_AVAILABLE DATA_.
:::::
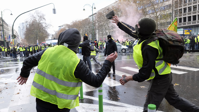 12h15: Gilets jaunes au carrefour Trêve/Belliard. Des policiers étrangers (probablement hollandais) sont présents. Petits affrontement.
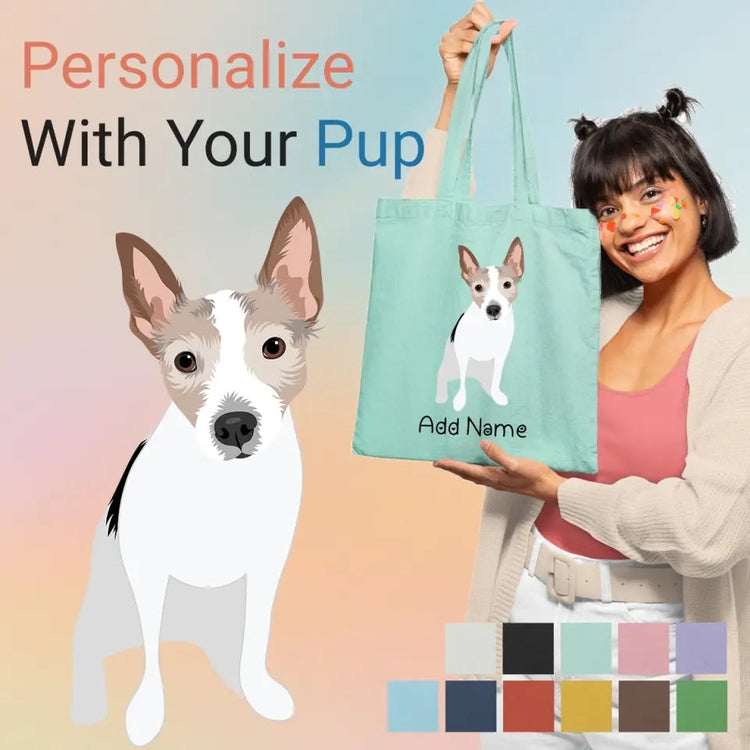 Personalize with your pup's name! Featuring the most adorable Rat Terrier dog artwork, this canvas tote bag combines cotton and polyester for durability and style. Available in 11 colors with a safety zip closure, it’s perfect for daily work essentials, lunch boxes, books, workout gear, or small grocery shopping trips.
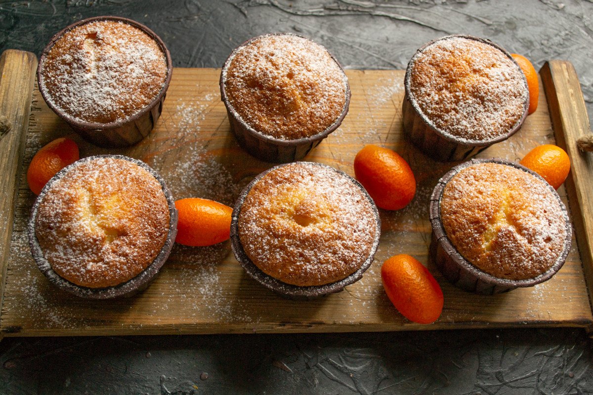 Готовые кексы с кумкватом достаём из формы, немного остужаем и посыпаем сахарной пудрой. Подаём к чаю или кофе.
:::::
_PROBLEM DETAILS_.
Every line above should be printed again word for word, without its pictures.

_OUTPUT BELOW_.
 12h15: Gilets jaunes au carrefour Trêve/Belliard. Des policiers étrangers (probablement hollandais) sont présents. Petits affrontement.
 Personalize with your pup's name! Featuring the most adorable Rat Terrier dog artwork, this canvas tote bag combines cotton and polyester for durability and style. Available in 11 colors with a safety zip closure, it’s perfect for daily work essentials, lunch boxes, books, workout gear, or small grocery shopping trips.
 Готовые кексы с кумкватом достаём из формы, немного остужаем и посыпаем сахарной пудрой. Подаём к чаю или кофе.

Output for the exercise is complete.